Есенин соединил в авторской трактовке три «мировоззренческих текста»: 1) библейскую притчу о вкушении первой семейной парой плодов с райского древа познания; 2) фольклорно-свадебный мотив об угощении жениха с невестой «наливными яблочками», способствующими будущему зачатию ребенка (на Рязанщине были распространены эти свадебные песни); 3) народное название кадыка «Адамовым яблоком». Конкретную породу библейского дерева можно отбросить, посчитать его видовую принадлежность несущественной (тем более, что при переводе Библии на разные языки возникали разные толкования «древа познания» как гранатового у южных народов, яблони на Руси и другого плодового дерева). В результате творческой метаморфозы ветхозаветного «древа познания» в художественном сознании Есенина появилось надмирное древо, породившее род людской. Но и в сочинениях Есенина обобщенное главное мировое древо не осталось абстрактным, а получило свое дальнейшее развитие в воплощении во множестве своих ипостасей.
Как развитие идеи мирового древа Есенин в статье «Быт и искусство» (1920) высказал суждение, используя определенную породу дерева: «Северный простолюдин не посадит под свое окно кипариса, ибо знает закон, подсказанный ему причинностью вещей и явлений. Он посадит только то дерево, которое присуще его снегам и ветру» (V, 219). Конечно, Есенин проводил параллель между закономерностями искусства и нормами обыденной жизни, однако его мысль имеет и чрезвычайно глубинный смысл, причем кипарис избран не случайно и не может быть заменен ни на одно другое дерево. Образ кипарисового дерева характерен для христианской символики, используемой в книжности и народных духовных стихах, и в этом плане традиционен.

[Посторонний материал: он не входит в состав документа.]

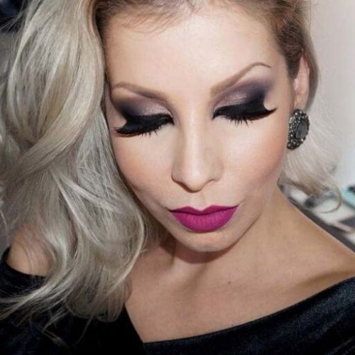 11. Maquiagem noturna com olhos pretos e batom roxo
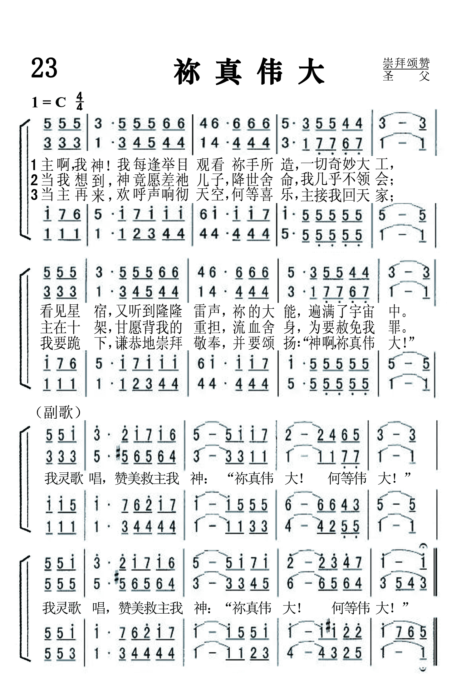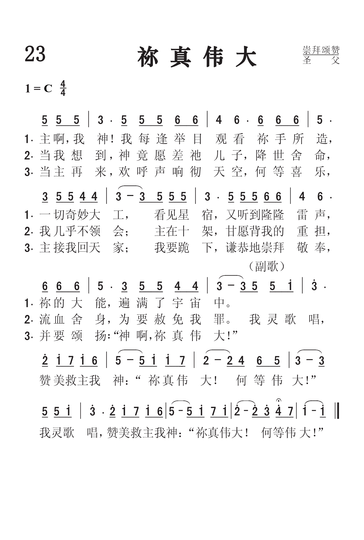 第23首 祢真伟大 How Great Thou Art 卡尔.波伯特(Carl G.Boberg,1859,8,16-1940,1,7)作词,海因(Stuart K.Hine,1899,7,25-1989)英译,休斯(R.J.Hughes)根据瑞典民歌曲调改编,黄永熙汉译(1976年) 主啊,我神!我每逢举目观看祢手所造,一切奇妙大工, 看见星宿,又听到隆隆雷声,祢的大能,遍满了宇宙中。 当我想到 ,神竟愿差祂儿子,降世舍命,我几乎不领会; 主在十架 ,甘愿背我的重担,流血舍命,为要赦免我罪。 当主再来,欢呼声响彻天空,何等喜乐,主接我回天家 我要跪下 ,谦恭地俯伏敬拜,并要颂扬:“神啊,祢真伟大!” 我灵歌唱,赞美救主我神:祢真伟大!何等伟大! 这首诗歌的词作者卡尔.波伯特出生于瑞典东南海岸蒙斯特拉斯的一个在船坞工作的木匠家庭。他18岁信主,就读克里斯蒂尼汉姆圣书学校,并开始在本地传道。1890-1916年任基督教周刊《真理见证》编辑。1911-1924年代表本城任瑞典国会上院议员。这首诗原名《O Store Gud》。 1880年夏,有一天波伯特郊游时,突遇雷雨,不及躲避。一时雷声隆隆,电光闪闪,暴雨倾盆而下。然而瞬间雨霁天晴,阳光普照,大地苏醒,清澈宁静,花草上满缀着晶莹水珠,枝头小鸟飞回轻唱。 他震惊于宇宙主宰创造的伟大和奇妙,屈膝赞美神的大能,他的心灵如沐而更新,于是写下了九段诗章;随着雨后的彩虹,踏上归途。回家后他将诗分成二节,配上瑞典古老民谣的曲调。其后他在讲道时,与信徒分享这一段经历和诗歌,一时大受欢迎。 1886年这首诗经付印后,传咏瑞典全国各教会。1907年被译成德文。 1927年,有一位俄国人将这首圣诗自德文译成俄文。同年有一位英国卫理公会的宣教士海因(Stuart K. Hine)到乌克兰传道,听到这首歌后,十分喜欢,经常在传福音时,与妻子合唱此圣诗。数年后他返国,遍走欧洲各国传道,当他在捷克一个小山庄工作时,就把它译成英文,但并未付印。二次世界大战后,海因在英国居住了十年。1948年,他去探望一个难民营,那里有数百流亡的俄国人,他们虽在寄居之地有较多的自由与安全,但内心无时不在思念何日才能归故乡。有感于这些难民的情操,他写下了第三节,颂扬主再来时的喜乐,而交给一个小出版商付印。 1954年葛理翰布道大会时,有人递给谢伊(George Beverly Shea)这首圣诗。翌年他在加拿大多伦多布道大会时,由数百人联合的诗班,将这首圣诗唱得气势磅礡,接着又在伦敦的布道大会选唱。不久它就流传全球。《祢真伟大》和《奇异恩典》是现代最热门的两首圣诗。 猫王(Elvis Presley)在1967年度第10届格莱美奖中凭借 《祢真伟大》获得了最佳圣乐表演奖(Best Sacred Performance),1975年举行的1974年度第17届格莱美颁奖中他凭借此曲取得最佳非古典类灵感奖(Best Inspirational Performance)。 本诗的英译者海因出生于英国伦敦,曾在库柏公司学校接受教育。第一次世界大战时在法国服役。后由卫理公会授予圣职,到俄国,乌克兰,罗马尼亚,波兰和捷克等国传道(1923-1939年)。1939年因战争爆发而返英,在十万东欧难民中开展圣工,用他们自己的文字印发各种福音传单,播撒真理的种子。

Статья «Быт и искусство» (1920) тематически и содержательно продолжает художественно-философскую линию «Ключей Марии» (1918), пронизанную хлыстовской символикой. В книге «Песни русских сектантов мистиков» (1912) в «Объяснительном словаре» Т. Рождественского помещено толкование иносказанию: «Древа “кипарисные, виноградные, чистые” и т. п. – сами сектанты, олицетворяемые под образом деревьев в саду “Батюшки”. В более тесном смысле под названием “кипарисных” деревьев разумеются у хлыстов лучшие жены их секты». [2104] Возможно, Есенин читал этот труд или ознакомился с хлыстовской символикой через Н. А. Клюева. Именно с ним и с собой, позврослевший на 2 года Есенин вел скрытую полемику В «Быте и искусстве», отталкиваясь от прежнего цитирования строк своего друга-недруга в «Ключах Марии»: «…люди блаженно и мудро будут хороводно отдыхать под тенистыми ветвями одного преогромнейшего древа, имя которому социализм, или рай, ибо рай в мужицком творчестве так и представлялся… где “избы новые, кипарисовым тесом крытые” <цитата из Н. А. Клюева>» (V, 202).